Ultra-Short-Term Solar Power Prediction Using Sky Image Sequences by a Residual Vision Reformer

The unpredictable nature of solar power generation, largely influenced by fluctuating cloud cover, poses a challenge to the stability of renewable energy systems. Considering this, accurate forecasting of solar power can lead to better grid management and operation. With the advent of deep learning models, various models have been suggested to enhance the ultra-short-term solar power forecasting performance. Given that cloud images offer more direct and comprehensive information about cloud patterns compared to the numerical weather prediction data, analyzing cloud images allows for more precise and efficient cloud change predictions, leading to a more accurate ultra-short-term solar power forecasting. In this way, aiming to enhance the forecasting performance, in this paper, we introduce a deep learning-based model, including three main blocks. In the first block, a Multi-Stream Video Vision Transformer (MS-ViViT) model is proposed for extracting different types of spatio-temporal features from the input image sequences.

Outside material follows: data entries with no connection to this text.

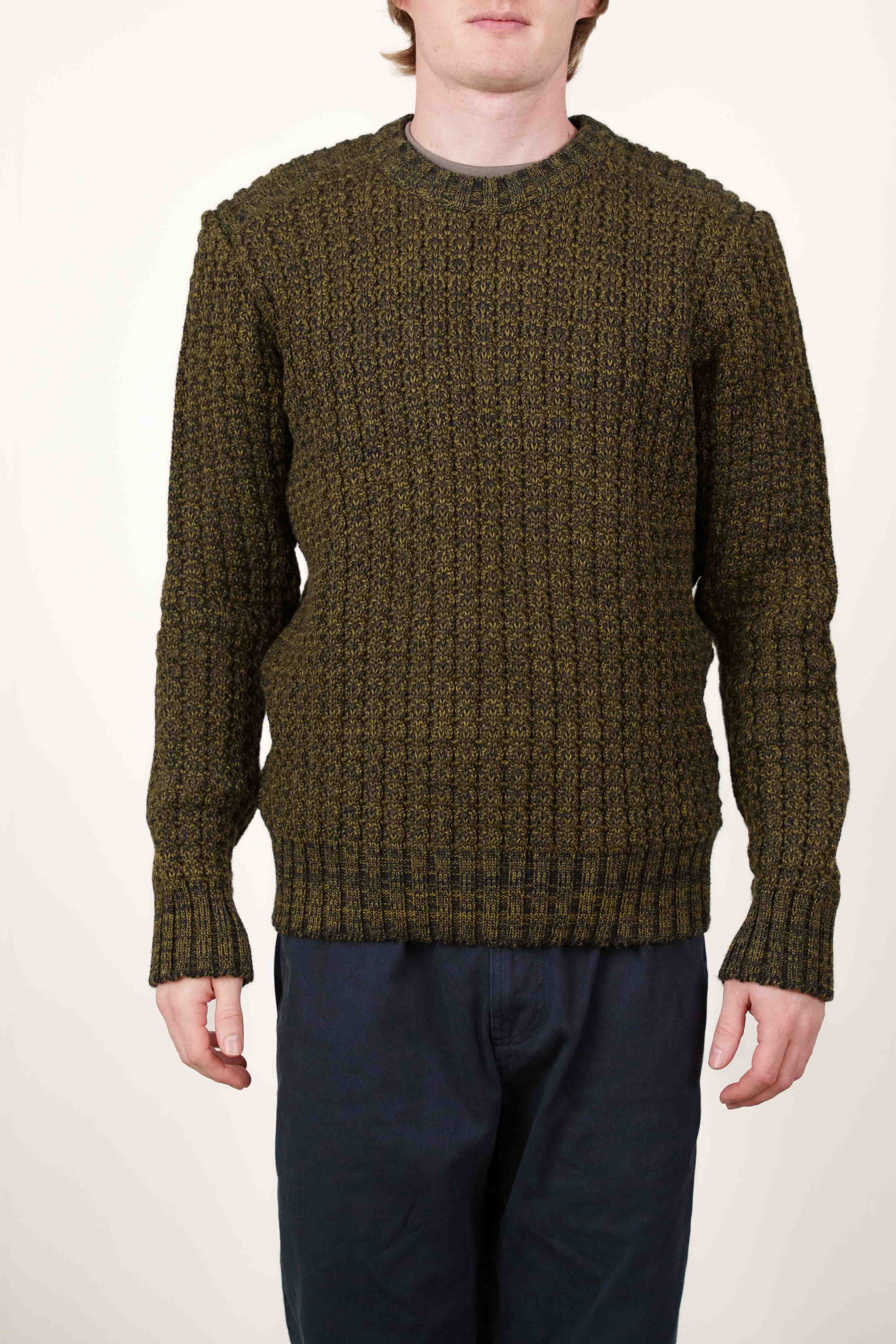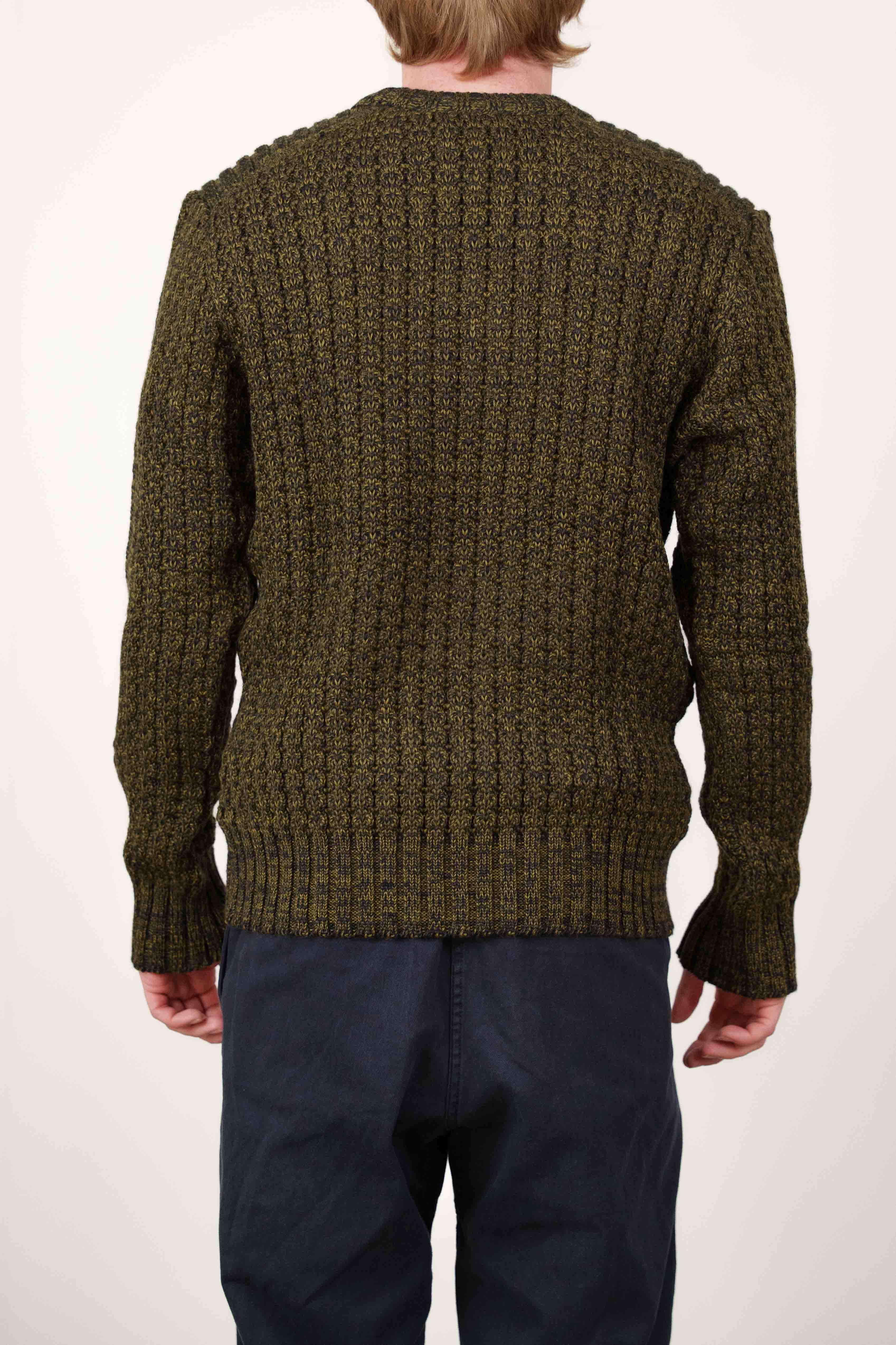 Olivengrøn crew neck sweater fra W013-kollektionen med et tekstureret, chunky strikmønster.
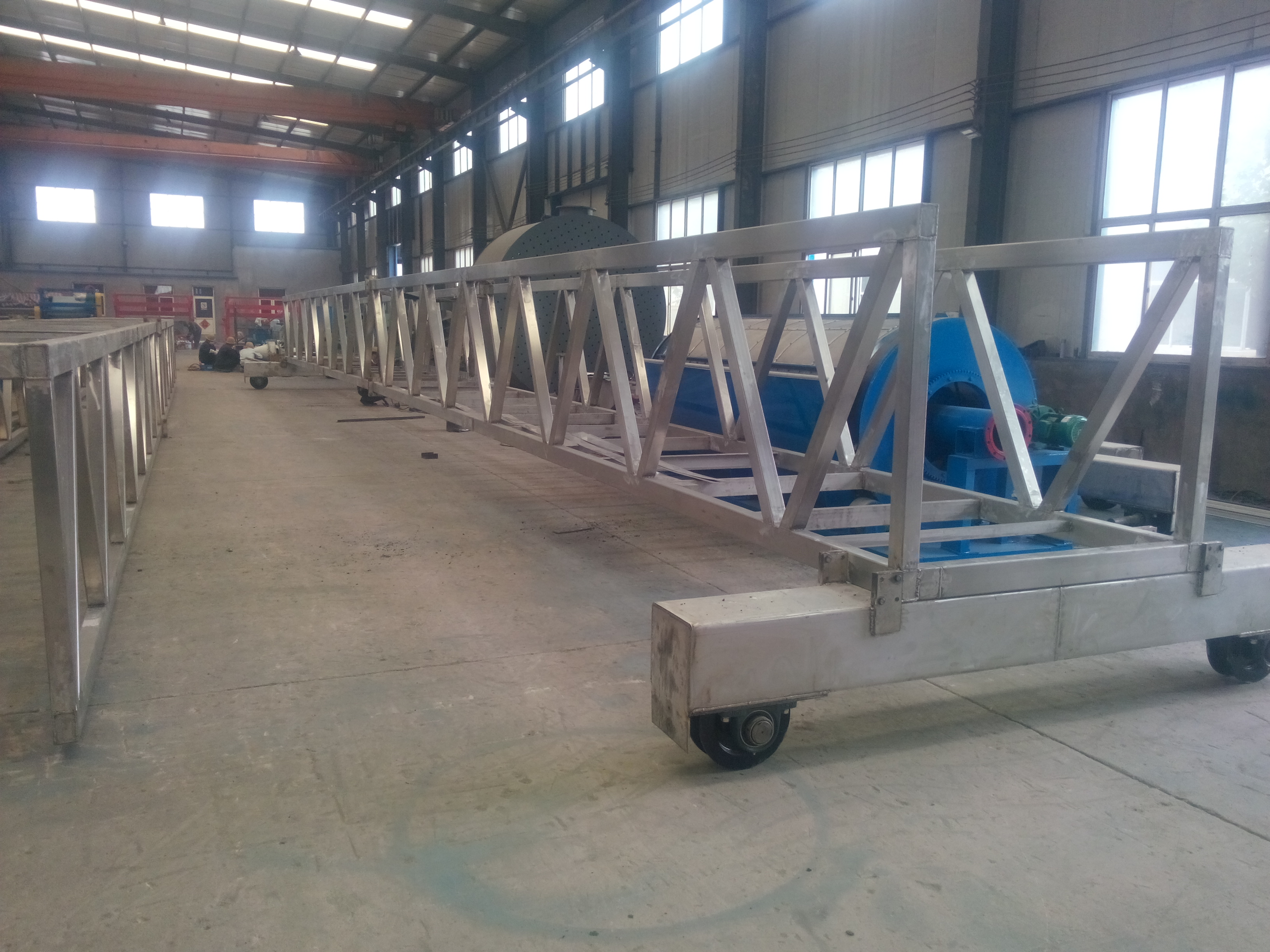 刮泥機與行走電機運行中各司其職,互不干涉,刮泥機底部配有水下行走輪結構,從而保證運行中的平穩,兩個行走電機采用同步電機,從而保證了兩邊的行走一致平穩。
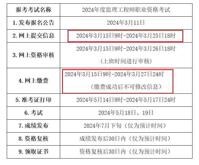 根據(jù)《人力資源社會保障部辦公廳關(guān)于2024年度專業(yè)技術(shù)人員職業(yè)資格考試計(jì)劃及有關(guān)事項(xiàng)的通知》(人社廳發(fā)〔2024〕1號)要求,2024年度監(jiān)理工程師職業(yè)資格考試于5月18日、19日舉行,現(xiàn)將有關(guān)事項(xiàng)通知如下:
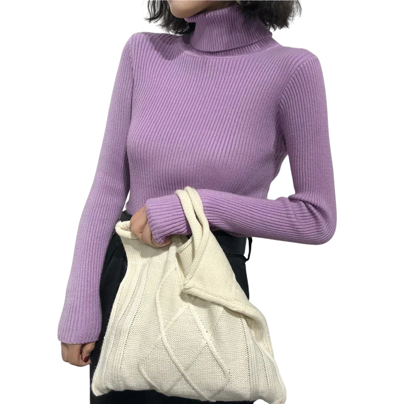 Suéter feminino com gola alta em algodão e acrílico Suéter de malha elegante de uma só cor com mangas longas Tamanho universal para outono e inverno
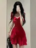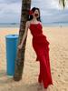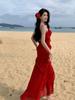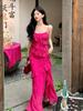 Vestido estilo retro francés rosa rojo blanco con tirantes, estilo industrial pesado, con volantes y largo hasta los tobillos para viajes de vacaciones.
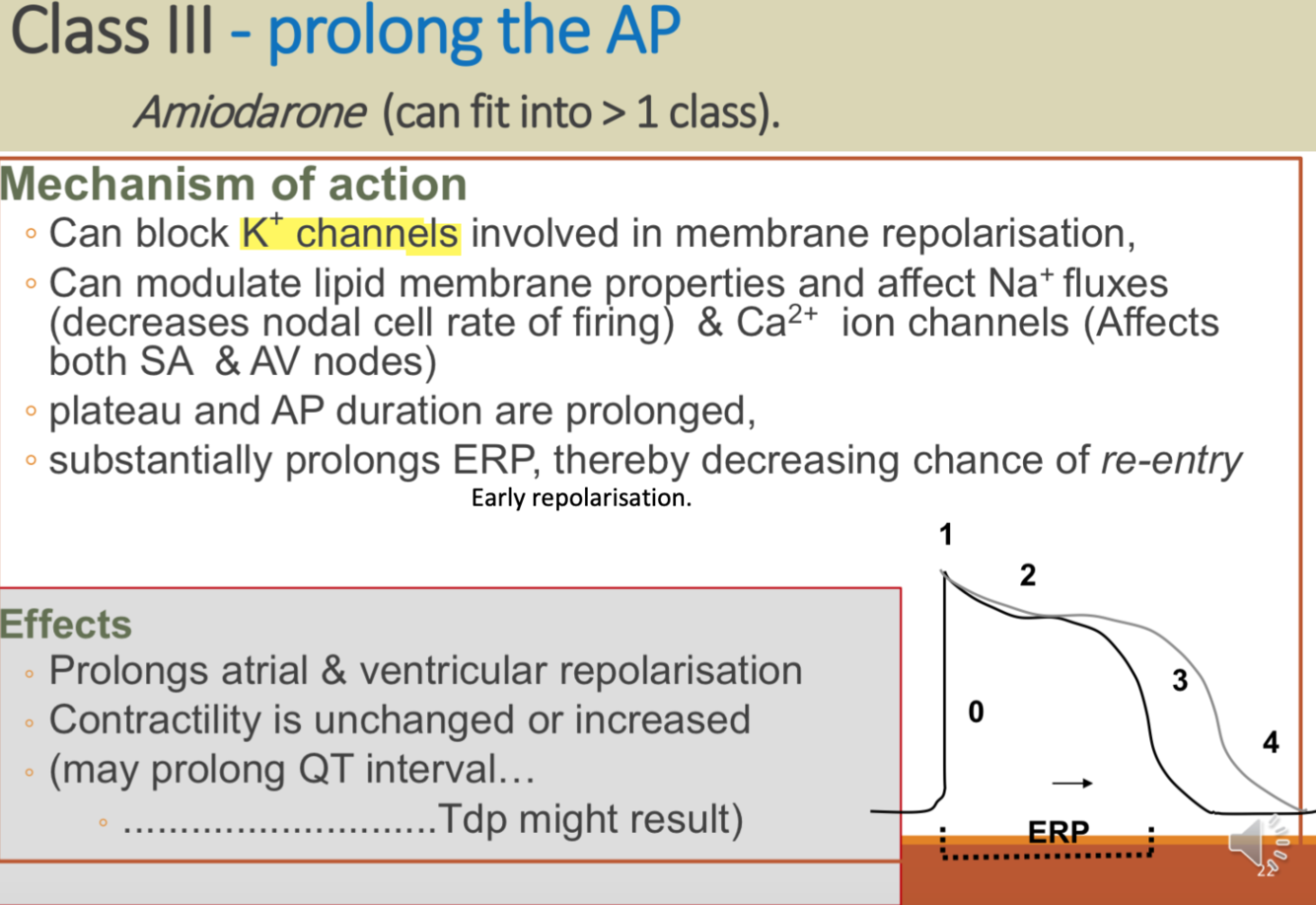 Block K+ channels involved in repolarisation therefore prolongs atrial and ventricular repolarisation.
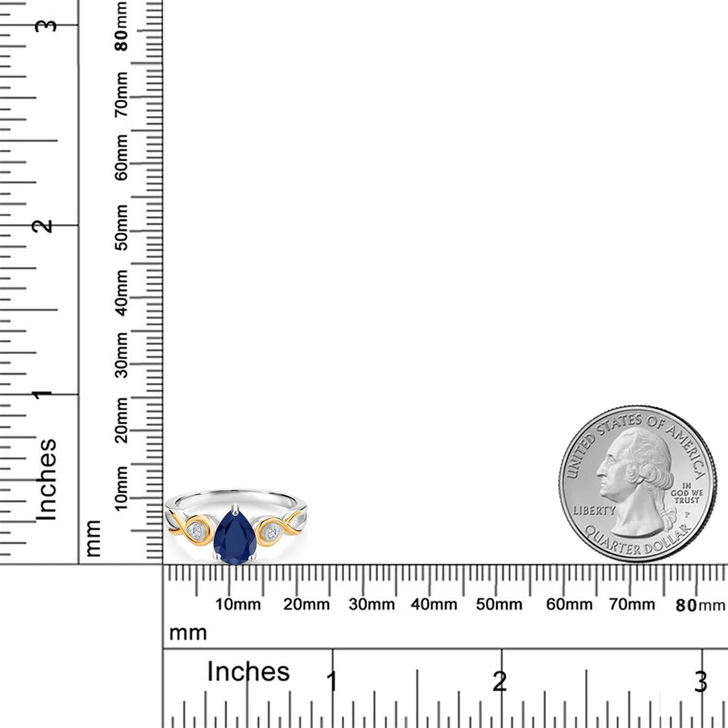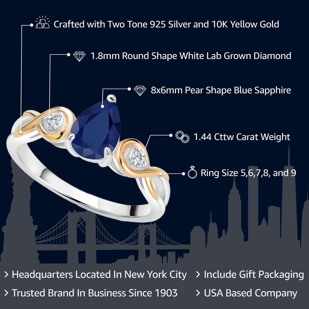 EXQUISITE GEMSTONE COMBINATION: This ring features a stunning pear-shaped blue sapphire measuring 8x6mm. The rich blue hue is complemented by the brilliance of lab-grown white diamonds, totaling 1.44 Cttw. It's a harmonious blend of natural and lab-grown gemstones.
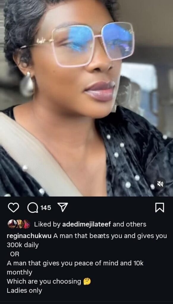 Taking to her Instagram page, she asked if they would prefer a boyfriend who physically abuses them but gives them ₦300,000 daily, or one who provides peace of mind but offers only ₦10,000 monthly.
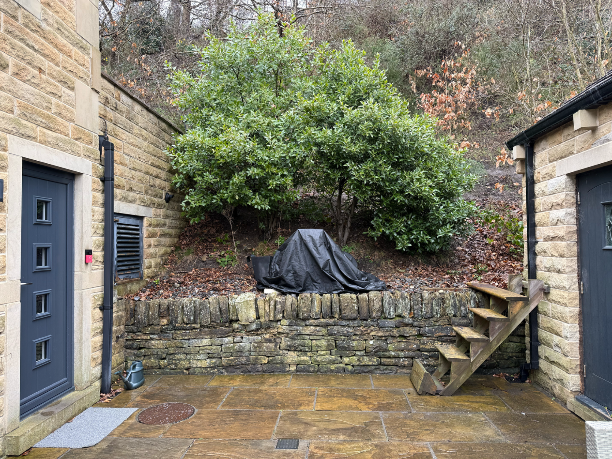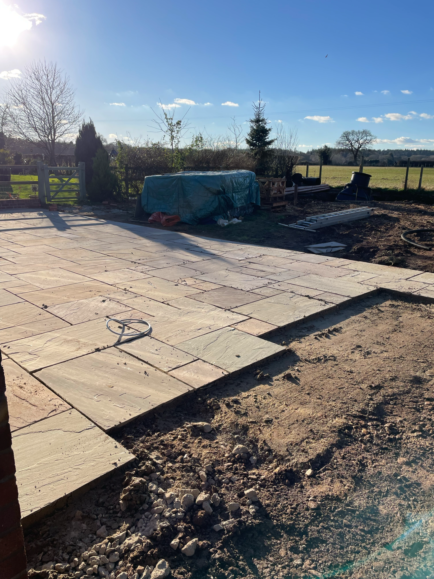 Large Indian sandstone professionally installed to create a clean, durable and stylish outdoor living space.
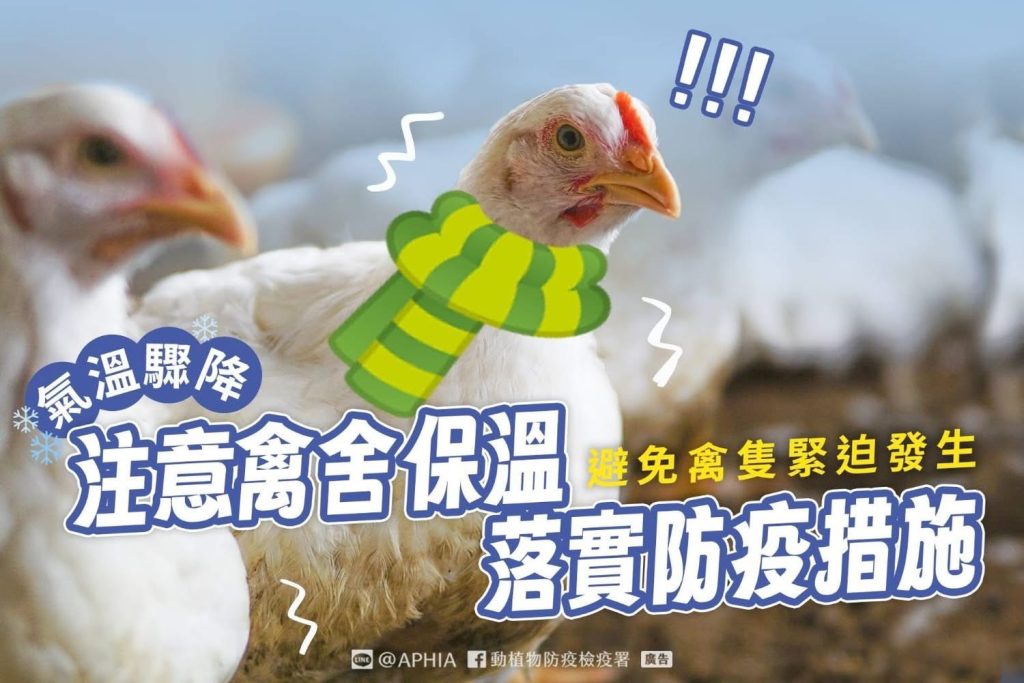 請養禽業者注意✅做好禽舍保溫及通風管理✅定期維護禽場防鳥設施功能正常運作✅落實人車進出管制✅落實消毒、進入禽舍更換衣、鞋及手部消毒等生物安全管理措施 每日自主觀察禽隻健康狀況,若發現異常主動通報 #當地動物防疫機關或撥☎️0800-761-590 通報 You Might Also Like ★113年農民學院- 禽類動物疾病及衛生防疫訓練進階班報名 農業部獸醫研究所 2024 年 6 月 5 日 2025第14屆亞洲動物保護大會Asia for Animals 2025 年 7 月 12 日 溫馨提醒:樺加沙颱風最快從周日(21日)起臺灣就會感受到外圍環流影響 2025 年 9 月 22 日

The output features from the first block are input to the second block, Fused Improved Reformer (Fused I-Reformer), including three Improved Reformer (I-Reformer) models equipped with a Fused Encoder as well as a new loss function for sequence learning. Finally, an Attentive Residual Fully Connected (ARFC) model is proposed for solar power value prediction. The comparison results with 36 comparative models on six real-world datasets using seven evaluation metrics confirm the effectiveness of the proposed ultra-short-term solar power forecasting model.